┌────────

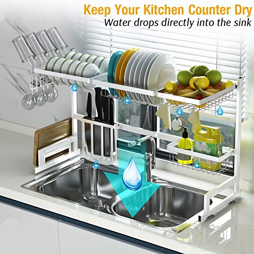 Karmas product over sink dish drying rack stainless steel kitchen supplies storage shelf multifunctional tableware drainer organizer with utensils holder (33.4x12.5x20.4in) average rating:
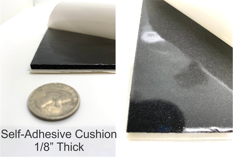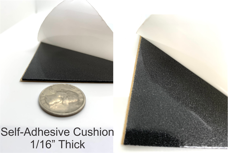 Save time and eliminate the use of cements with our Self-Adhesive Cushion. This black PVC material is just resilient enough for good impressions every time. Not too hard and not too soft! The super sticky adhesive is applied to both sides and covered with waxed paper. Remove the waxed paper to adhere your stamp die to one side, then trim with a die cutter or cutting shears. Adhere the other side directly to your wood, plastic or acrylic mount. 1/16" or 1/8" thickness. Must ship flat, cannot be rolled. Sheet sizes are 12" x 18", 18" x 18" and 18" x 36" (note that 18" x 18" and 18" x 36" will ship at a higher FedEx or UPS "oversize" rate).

└────────
┌────────

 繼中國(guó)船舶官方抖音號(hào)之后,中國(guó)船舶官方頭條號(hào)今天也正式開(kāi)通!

└────────

| What is expected |
Within the listing above, find the line containing "Karmas product over" and the line containing "Save time and". Transcribe them and everything between them exactly, leaving out the pictures.

| Answer box |
 Karmas product over sink dish drying rack stainless steel kitchen supplies storage shelf multifunctional tableware drainer organizer with utensils holder (33.4x12.5x20.4in) average rating:
 Save time and eliminate the use of cements with our Self-Adhesive Cushion. This black PVC material is just resilient enough for good impressions every time. Not too hard and not too soft! The super sticky adhesive is applied to both sides and covered with waxed paper. Remove the waxed paper to adhere your stamp die to one side, then trim with a die cutter or cutting shears. Adhere the other side directly to your wood, plastic or acrylic mount. 1/16" or 1/8" thickness. Must ship flat, cannot be rolled. Sheet sizes are 12" x 18", 18" x 18" and 18" x 36" (note that 18" x 18" and 18" x 36" will ship at a higher FedEx or UPS "oversize" rate).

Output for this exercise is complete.